Tammie Wilson's new state job and the bureaucratic shell game

State health commissioner Adam Crum brought up the new job of former Rep. Tammie Wilson in a legislative hearing Tuesday, adding more confusion and contradiction to what increasingly resembles a shell game.

On Friday, Wilson announced she was leaving the Legislature to fill a job in a “new unit” in Crum’s department under new Deputy Commissioner Clinton Lasley. The new unit has yet to be created and Lasley is the “acting” deputy because that job has yet to be created by the Legislature.

The state announcement Friday afternoon said that Gov. Mike Dunleavy and Crum “developed a policy advisor role in the DHSS Commissioner’s office. This new policy advisor will be Tammie Wilson.”

Every job in state government has a “position control number,” known as a PCN. Crum told legislators Tuesday that he had an existing vacancy in his office into which Wilson has been inserted. In speaking about her decision to quit the Legislature, Wilson said she had checked out the plan to hire her and she said she would be filling an existing vacant position for which there has been no pay increase since her last election, which would make it legal, in her view.

It’s not clear what duties and responsibilities have been attached to that PCN in the past. If they are not the same, the state has created a new position.

This appears to be a new position. We don’t know if it would remain in the budget in the next fiscal year or if Wilson would be moved into one of the other four new positions the state is trying to create in the commissioner’s office.

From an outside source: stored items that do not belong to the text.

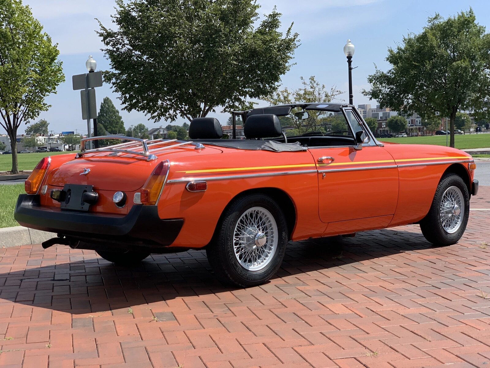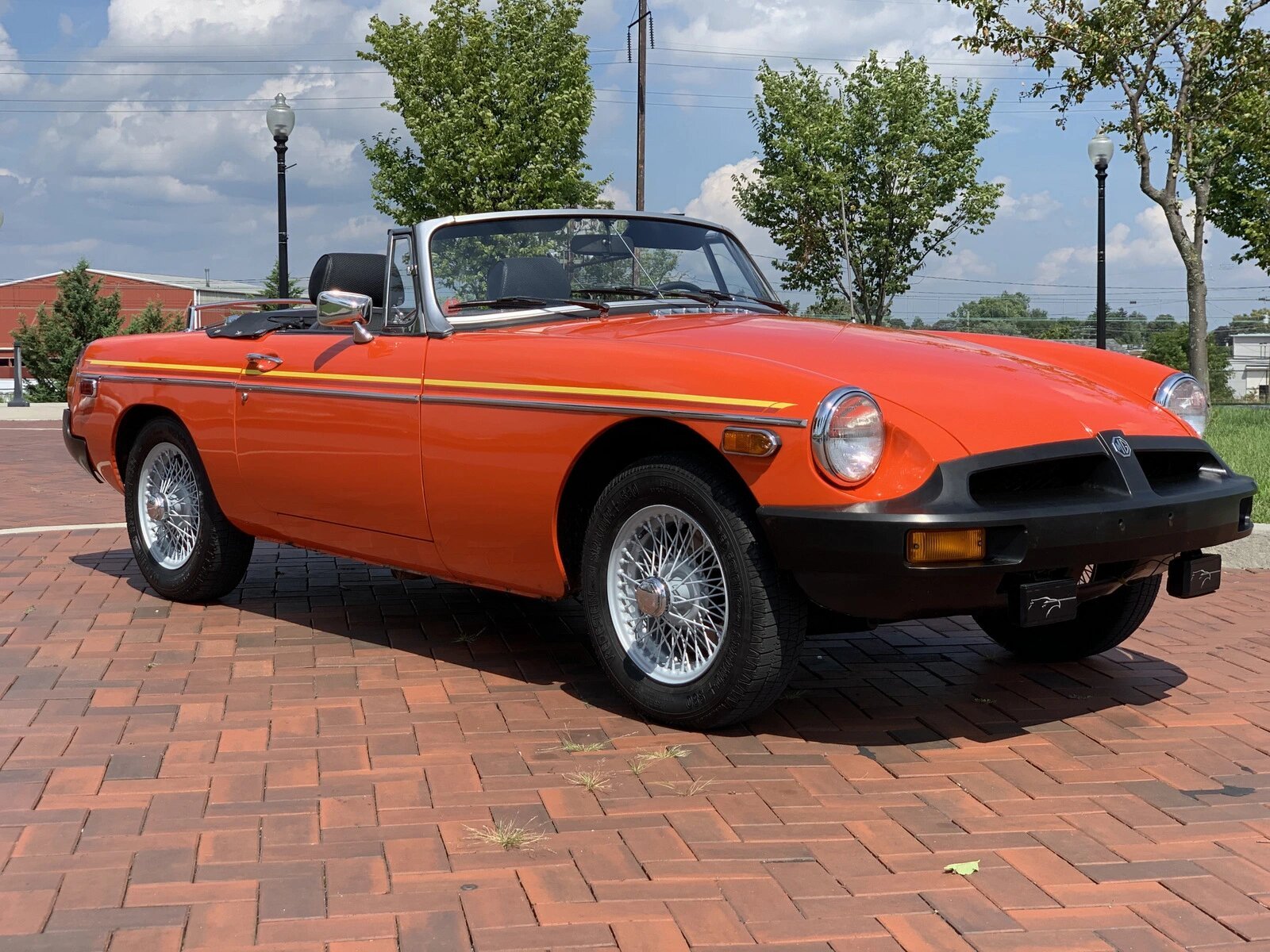 The body is finished in Vermillion Red with yellow stripes and a black convertible top.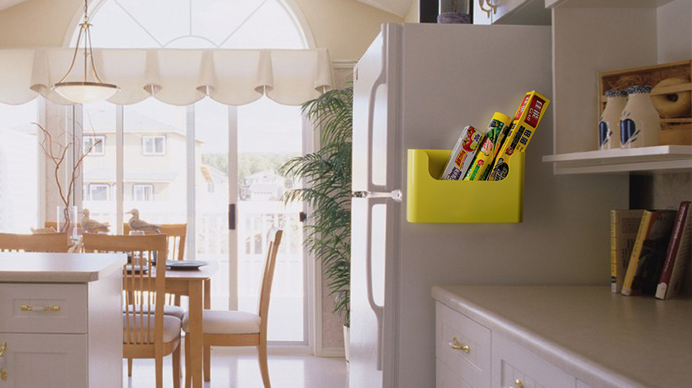 用掛式置物盒放保鮮膜,墻上、冰箱上的狹小空間也有效利用起來了。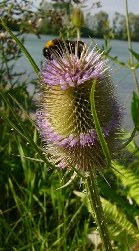 Köpfchen eiförmig, stachlig Blüten hellviolett > Karde (Dipsacus)

The confusion on this continues because Lasley has declined to answer my questions about Wilson’s job, referring me to the health department publicity office, which hasn’t responded.

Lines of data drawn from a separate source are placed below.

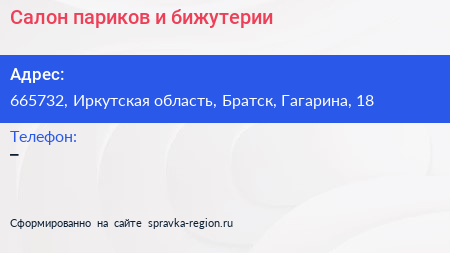 Салон париков и бижутерии по адресу 665732, Иркутская область, Братск, Гагарина, 18 в дальнейшем Организация, размещена в следующих категориях: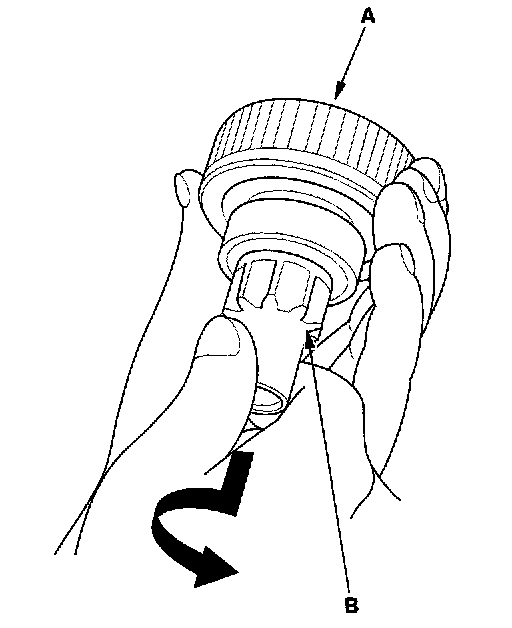 18. Rotate the overrunning clutch (A) both ways. If it does not lock in either direction or it locks in both directions, replace it.
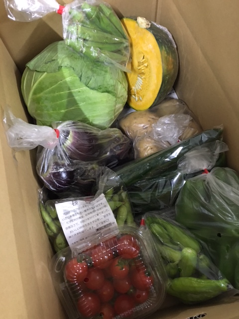 じゃがいも、キャベツ、かぼちゃ、枝豆、ピーマン、オクラ、きゅうり、みょうが又はししとう、長茄子、ミニトマト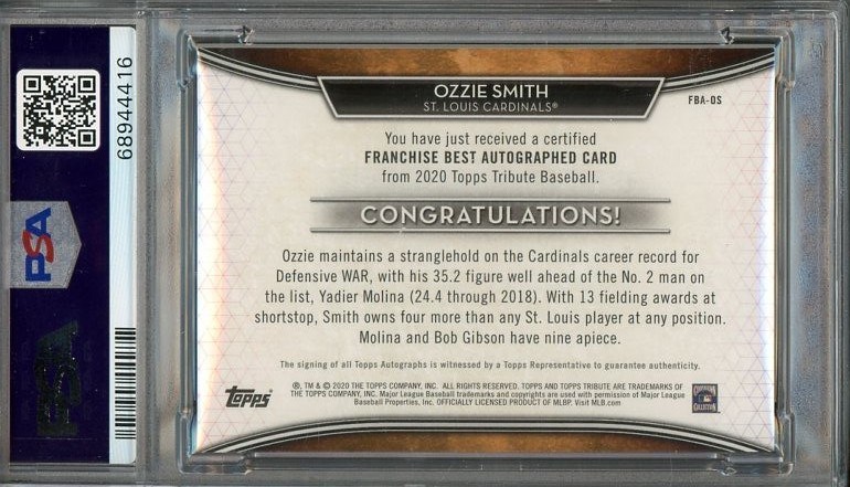 2020 Topps Tribute Ozzie Smith Franchise Best Autographs Orange (#'d/25)  PSA MINT 9 - A great looking card with a great Ozzie Smith autograph.  This orange parallel is limited to 25 produced.

“I am excited to have Ms. Wilson join my team as a policy advisor with a focus on children’s services in our state,” Lasley said in the press release, referring to the team that would be created in the fiscal year 21 budget.

On Tuesday, Crum was asked at about the proposal to create four new jobs in his office at about 31 minutes into this hearing. He immediately referred, without giving her name, to Wilson’s hiring.

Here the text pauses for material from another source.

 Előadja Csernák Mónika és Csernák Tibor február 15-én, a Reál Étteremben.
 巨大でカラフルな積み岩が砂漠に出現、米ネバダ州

“Recently there was an announcement, we’re bringing on, we have an open PCN within the commissioner’s office upon which I’ve hired a new individual to focus on family resiliency and family resources on the parenting side. The other item we put forward for the FY 21 budget is the creation of a new deputy commissioner and some policy staff to support them as we try to actually break out OCS and DJJ—Office of Children’s Services and Division of Juvenile Justice—on their own so they can have focused oversight,” Crum said.

The new deputy commissioner is to be Lasley, who has been the director of the pioneer homes. He is listed as “acting deputy commissioner,” pending action by the Legislature. One of the other three new jobs to be created is “special assistant to the commissioner,” which appears to be the one Wilson is intended to occupy in the next fiscal year.

The Constitution prohibits legislators from moving immediately to an executive branch job if the pay has been raised since the legislator was last elected or if the job has been created while the legislator is in office.

Under terms of a 2010 attorney general’s opinion, the ban on an immediate move also applies in instances where the legislator accepts a new job, resigns and then the state creates the job after the resignation.

The language in the budget for the work that Lasley is to lead, said the plan is to “add positions and authority to the commissioner’s office to reorganize the Office of Children’s Services and Juvenile Justice under dedicated leadership to provide better oversight, accountability and focus on achieving better outcomes in meeting the needs of children and families.”

Legislative financial analysts said this about the $633,000 for the new unit where Wilson is to work: “This increment requests one new deputy commissioner, one special assistant to the commissioner, and two project coordinators to support a new unit to provide direct oversight and leadership to the Office of Children's Services and the Division of Juvenile Justice.”

Had Wilson remained in the Legislature for this session, she would clearly have been unable to take the new special assistant to the commissioner job starting July 1 because it would have been “created” during her term. But occupying one new job that would transform into another raises the same constitutional question.